Should-Read: Ben Thompson: Google’s Search for the Sweet Spot: "What was most striking... was Google CEO Sundar Pichai’s opening... https://stratechery.com/2017/googles-search-for-the-sweet-spot/
...We’re excited by the shift from a mobile-first to an AI-first world. It is not just about applying machine learning in our products, but it’s radically re-thinking how computing should work.... We think we’re in the unique moment in time where we think we can bring the unique combination of AI, and software, and hardware to bring the different perspective to solving problems for users. We’re very confident about our approach here because we’re at the forefront of driving the shifts to AI.
Note that last line: Google’s confidence comes from the Company perspective: artificial intelligence, at least its machine learning manifestation, fits perfectly in Google’s wheelhouse of acting on massive amounts of data. Simply being good at something, though, is not enough: you need the market and value chain fit as well. Indeed, this is why startups often beat incumbents: incumbents have resource advantages, but everything about their company is focused on a solved problem — the one that propelled them from startup to incumbent in the first place....
So how does Google fare?

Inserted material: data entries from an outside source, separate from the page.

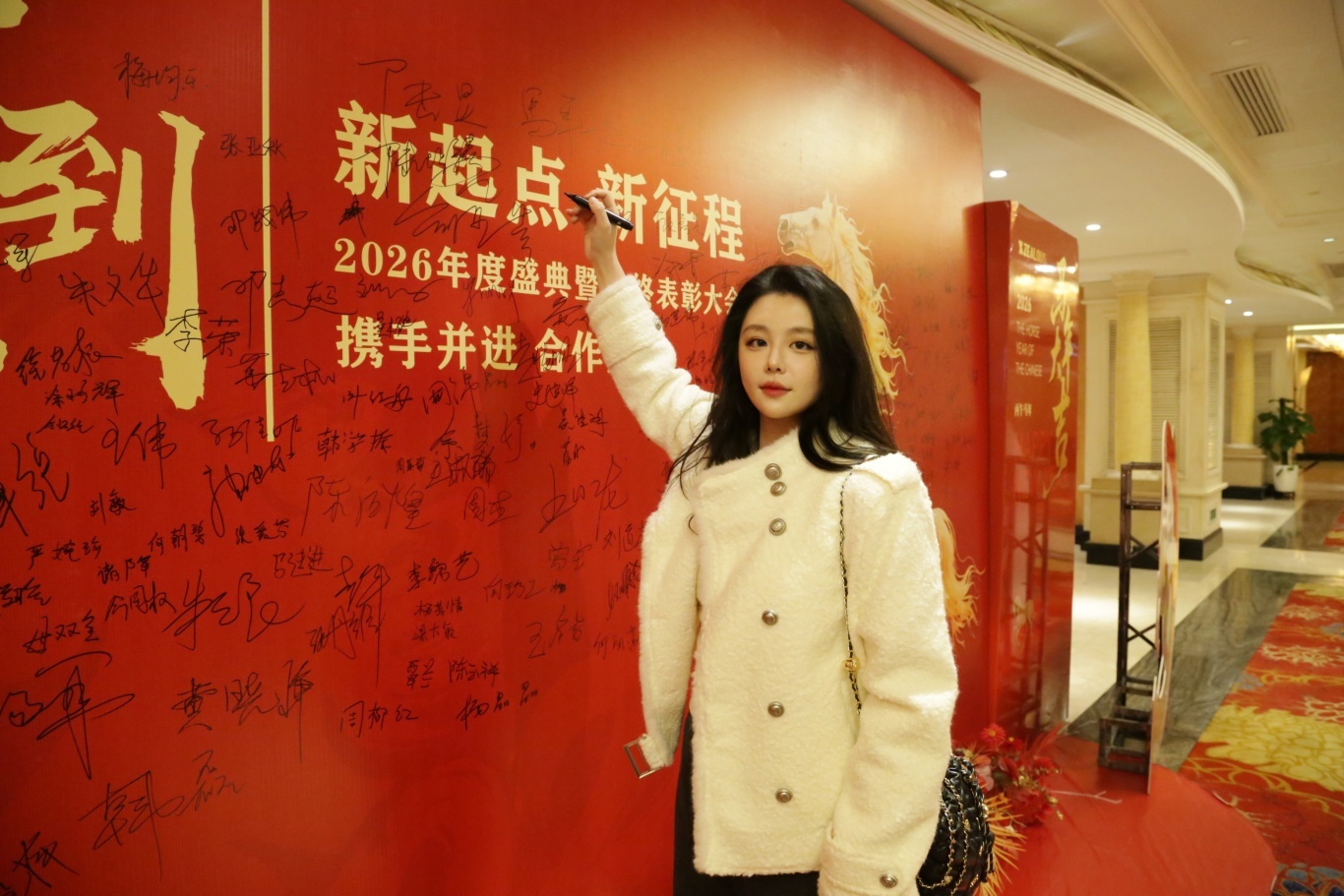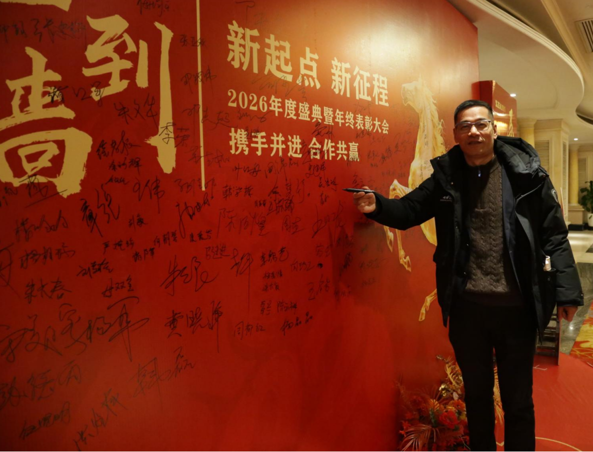 年会现场布置温馨,签到处为全体员工准备了沉甸甸的伴手礼,并且在入口处特别设置的签名墙成为第一道亮丽风景线。董事长陆炅先生、总经理石建华先生、供应链中心俞亚芳女士、泰索科技营销副总陆怡臻女士都在签名墙上留下新年美好展望;员工们也纷纷在签名墙上留下自己的名字与新年祝福,用笔墨记录这一美好时刻,拍照打卡留念,仪式感满满。一笔一划间,凝聚着泰索人对企业的深厚情感与对未来的美好期许。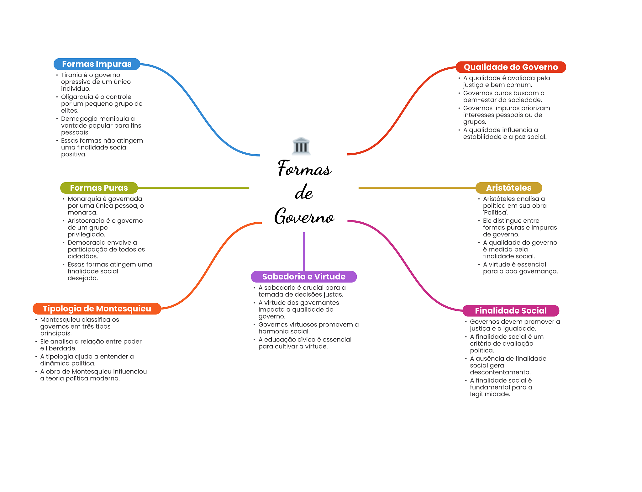 Formas Impuras Qualidade do Governo Tirania é governo opressivo de um único A qualidade é avaliada pela indivíduo. justiça e bem comum. Oligarquia é controle Governos puros buscam bem-estar da sociedade. por um pequeno grupo de elites. Governos impuros priorizam interesses pessoais ou de Demagogia manipula a vontade popular para fins grupos. pessoais. A qualidade influencia a estabilidade e a paz social. Essas formas não atingem uma finalidade social positiva. Formas Formas Puras de Aristóteles Monarquia é governada Aristóteles analisa a por uma única pessoa, política em sua obra monarca. Governo Aristocracia é O governo Ele distingue entre de um grupo formas puras e impuras privilegiado. de governo. Democracia envolve a A qualidade do governo participação de todos é medida pela cidadãos. finalidade social. Essas formas atingem uma A virtude é essencial finalidade social para a boa governança. desejada. Sabedoria e Virtude A sabedoria é crucial para a tomada de decisões justas. A virtude dos governantes Tipologia de Montesquieu impacta a qualidade do Finalidade Social Montesquieu classifica governo. governos em três tipos Governos virtuosos promovem a Governos devem promover a harmonia social. justiça e a igualdade. principais. A finalidade social é um Ele analisa a relação entre poder A educação cívica é essencial para cultivar a virtude. critério de avaliação e liberdade. política. A tipologia ajuda a entender a A ausência de finalidade dinâmica política. social gera A obra de Montesquieu influenciou descontentamento. a teoria política moderna. A finalidade social é fundamental para a legitimidade.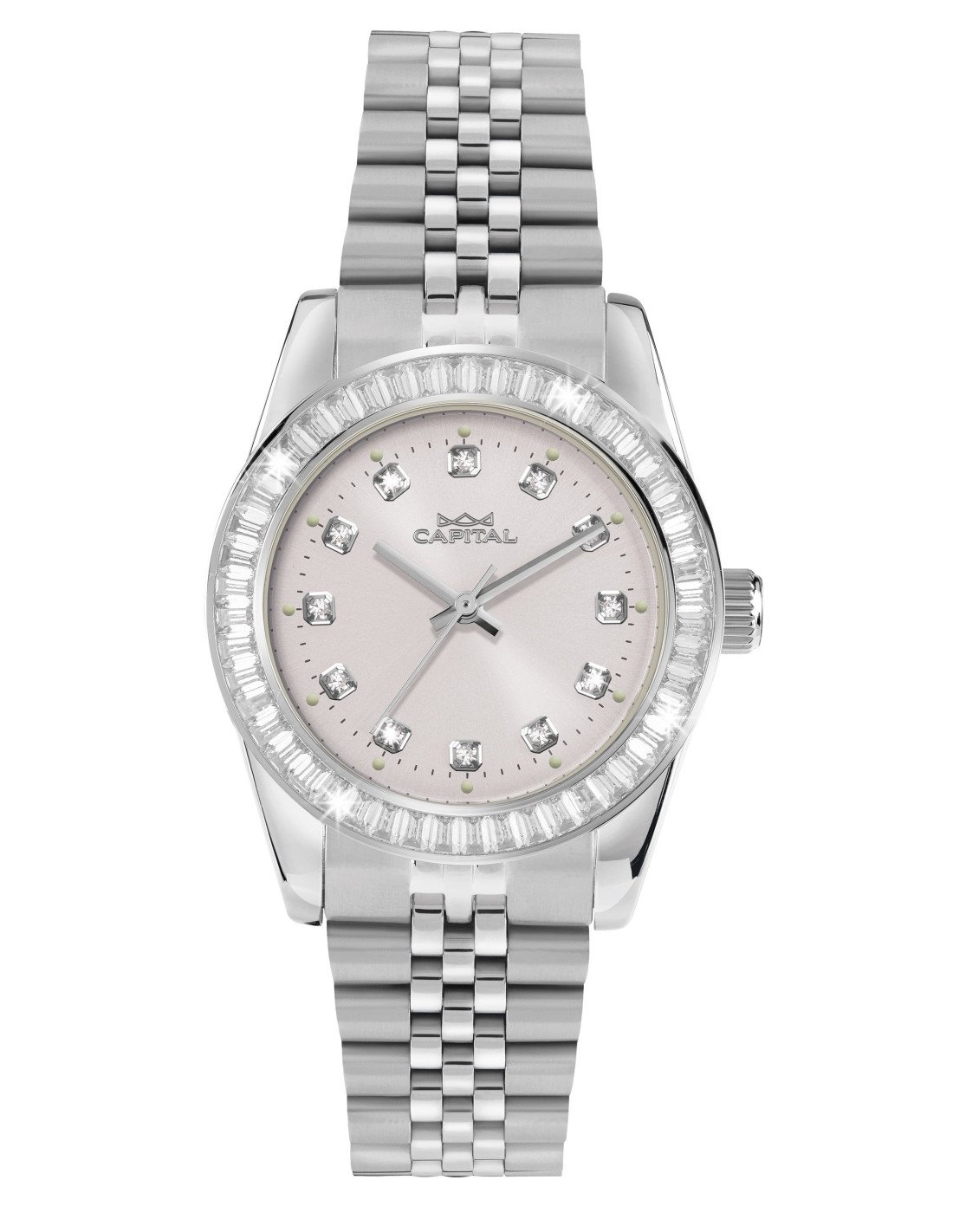 Il quadrante cipria Sunray con pietre cattura la luce con i suoi riflessi scintillanti, creando un gioco di luminosità irresistibile. Un vero e proprio punto focale che cattura l'attenzione e non lascia indifferenti.

Start with value chains: I actually found the breadth of Google products to be impressive, both proof that my suspicions about hardware being the best way to monetize Google software was correct, and evidence of a real commitment on Google’s part to realizing that opportunity. The idea is straight from Apple’s playbook: monetize software by selling integrated hardware at a healthy margin (products competing directly with Amazon excepted). The breadth is also necessary: for Assistant to reach its potential it is necessary that it be available everywhere, and everywhere happens to hit on both Apple and Amazon’s achilles heel — Apple, the devotion to the phone as the center of everything, and Amazon’s lack of a phone platform of its own.
The question, though, is the market, and this is where I appreciate Pichai’s perhaps inadvertent honesty: Google is excited about AI because Google is good at AI; the success of AI as a differentiator, though, depends on whether or not there is a market for it. That remain to be seen. That said, perhaps the most surprising news from yesterday came from an interview Pichai did with The Verge’s Dieter Bohn:
As ambitious as Google is with its own hardware, it’s still a tiny drop in the bucket compared to the company’s online business. Pichai won’t say when we can expect to see hardware sales become a big, broken-out part of its financial calls, outside of saying it’ll definitely happen in the next five years.
That’s no small thing: I have hammered the company repeatedly for its failure to break out different business units, particularly YouTube, so a pledge to disclose hardware sales is significant. It also hints at a deeper commitment: specifically, I wouldn’t be surprised if Google announced dedicated retail stores sooner rather than later. AI may be the future, and Google may be the best at it, but sometimes markets need to be made, not simply seized.